◆ **Task directions**: In the listing that follows, find the line with "Cropped knitwear had", then copy exactly from it through the line with "Snorkeling in the", leaving out every picture.

◆ **Available data**:
----------
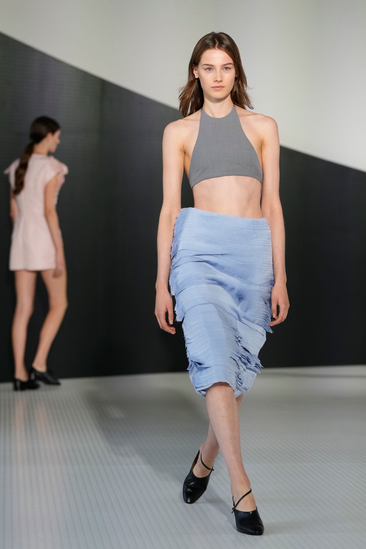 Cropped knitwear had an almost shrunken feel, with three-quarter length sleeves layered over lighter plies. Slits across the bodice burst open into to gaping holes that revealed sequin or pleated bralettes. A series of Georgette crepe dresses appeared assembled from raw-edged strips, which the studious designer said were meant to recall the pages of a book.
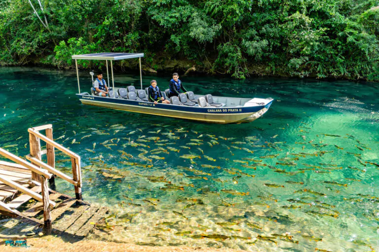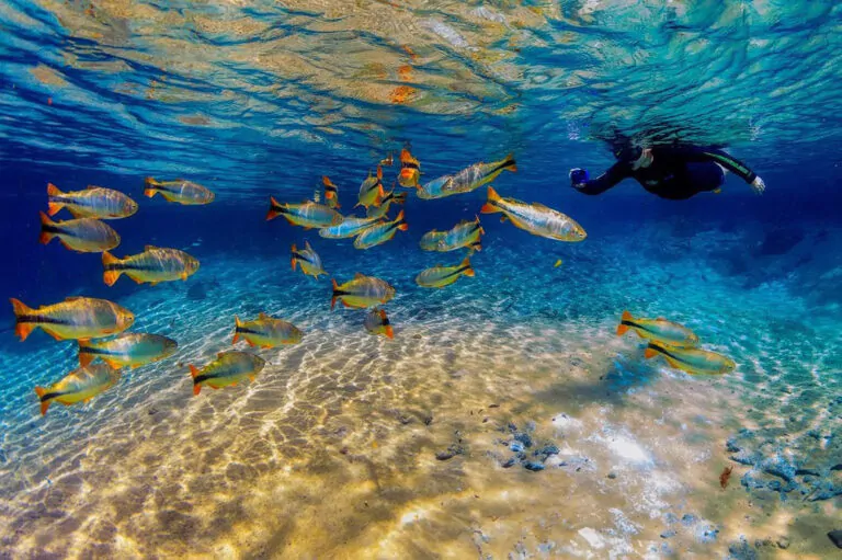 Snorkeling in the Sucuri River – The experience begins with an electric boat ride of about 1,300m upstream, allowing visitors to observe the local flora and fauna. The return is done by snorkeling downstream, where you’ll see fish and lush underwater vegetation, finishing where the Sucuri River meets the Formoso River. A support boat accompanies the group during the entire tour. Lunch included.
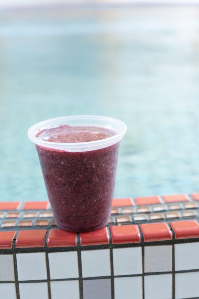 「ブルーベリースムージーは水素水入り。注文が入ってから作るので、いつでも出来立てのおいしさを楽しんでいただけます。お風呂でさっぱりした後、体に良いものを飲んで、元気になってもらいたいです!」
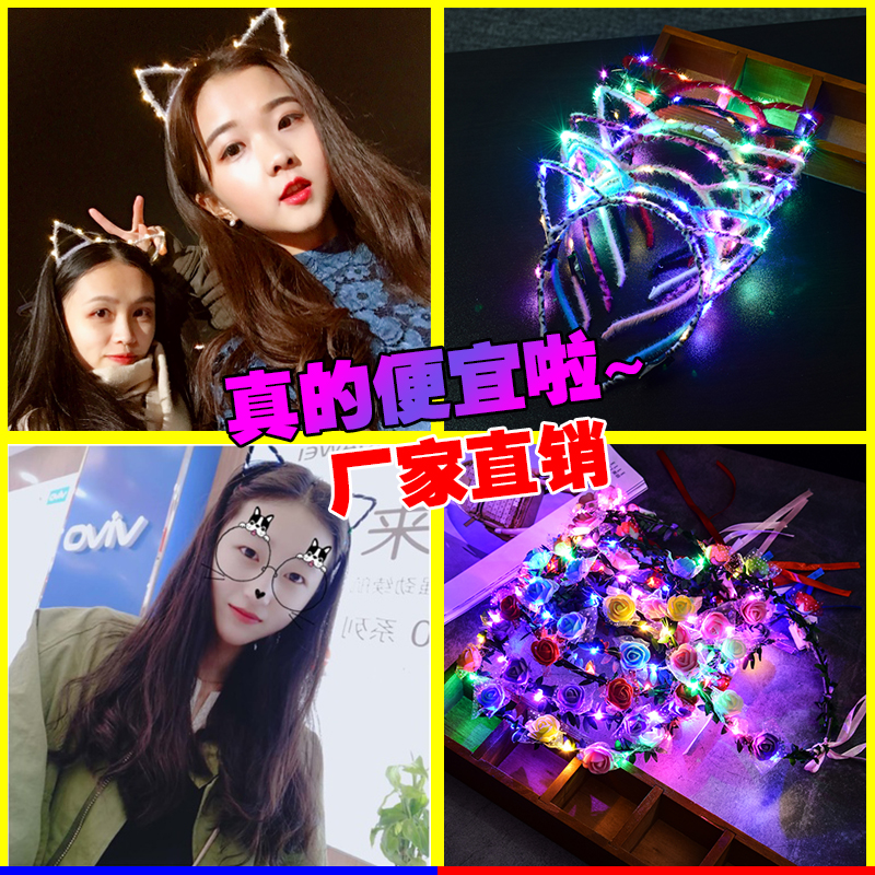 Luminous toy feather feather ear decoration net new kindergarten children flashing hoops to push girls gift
----------
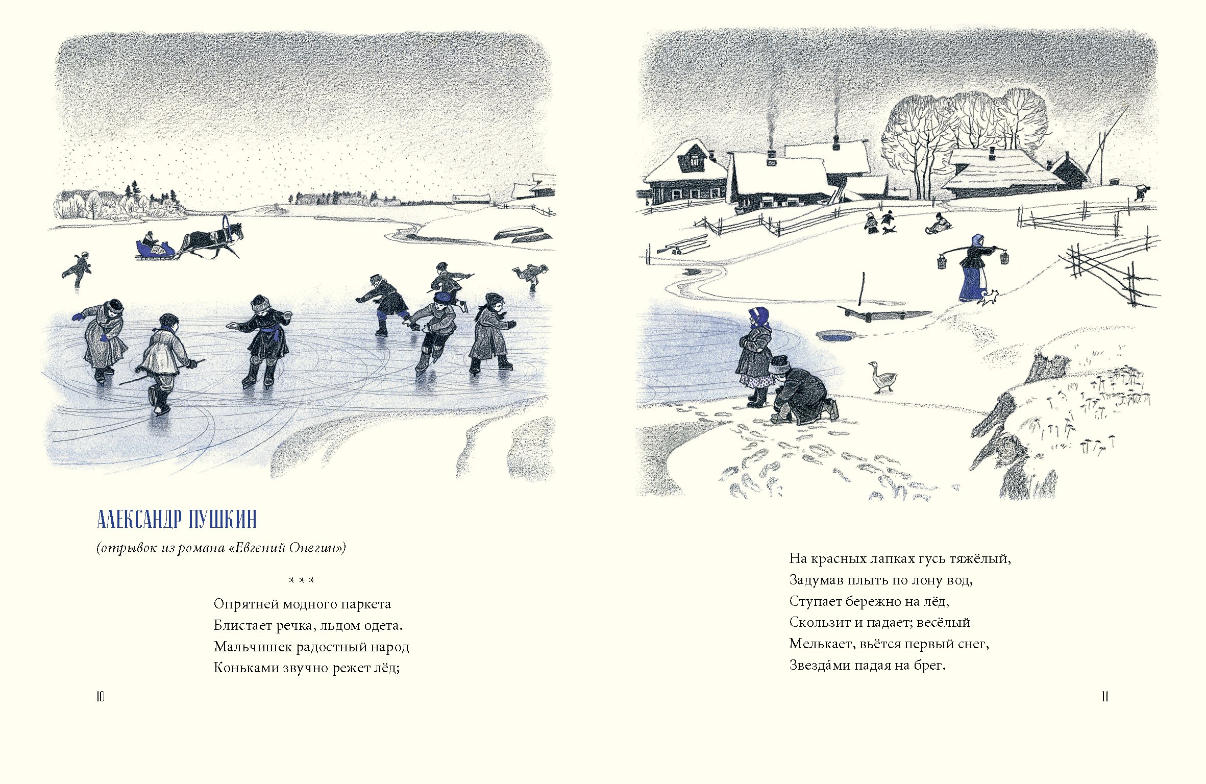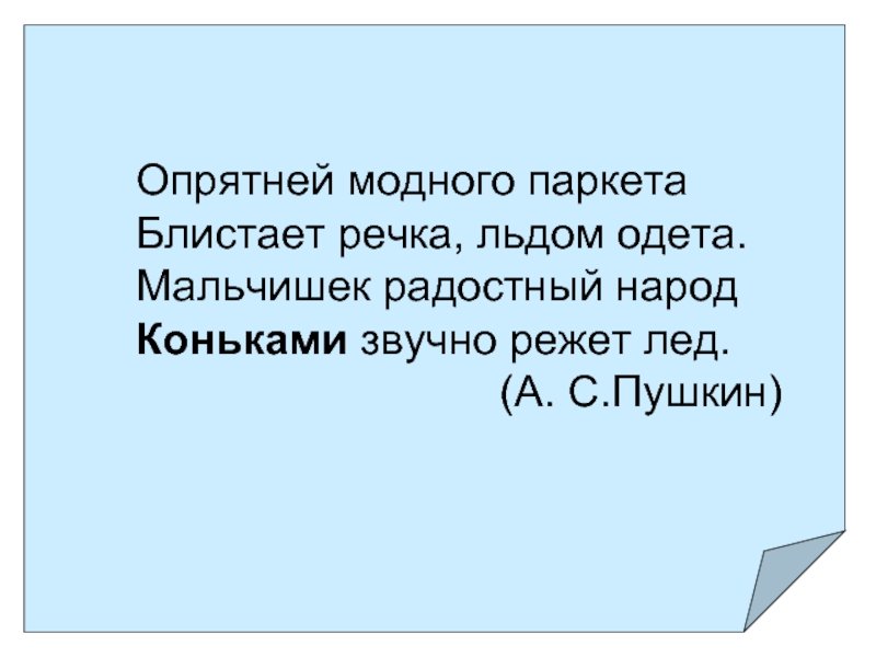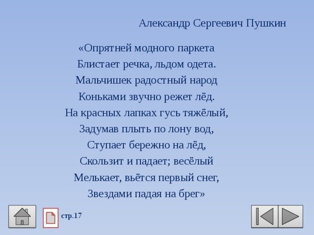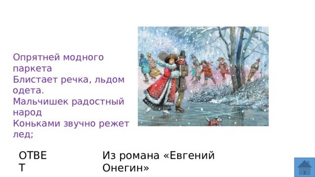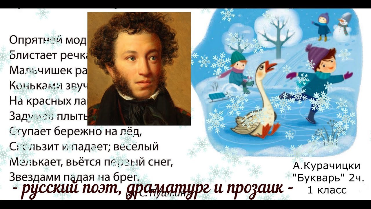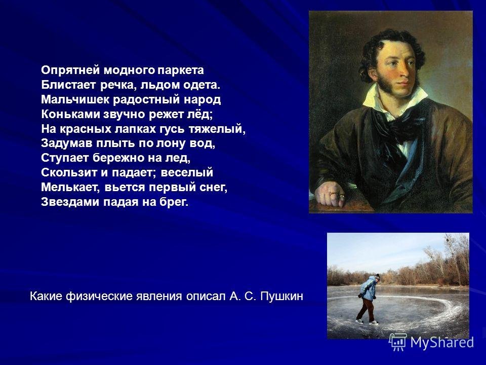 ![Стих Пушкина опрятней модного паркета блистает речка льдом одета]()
----------
◆ **Answer to this problem**:
 Cropped knitwear had an almost shrunken feel, with three-quarter length sleeves layered over lighter plies. Slits across the bodice burst open into to gaping holes that revealed sequin or pleated bralettes. A series of Georgette crepe dresses appeared assembled from raw-edged strips, which the studious designer said were meant to recall the pages of a book.
 Snorkeling in the Sucuri River – The experience begins with an electric boat ride of about 1,300m upstream, allowing visitors to observe the local flora and fauna. The return is done by snorkeling downstream, where you’ll see fish and lush underwater vegetation, finishing where the Sucuri River meets the Formoso River. A support boat accompanies the group during the entire tour. Lunch included.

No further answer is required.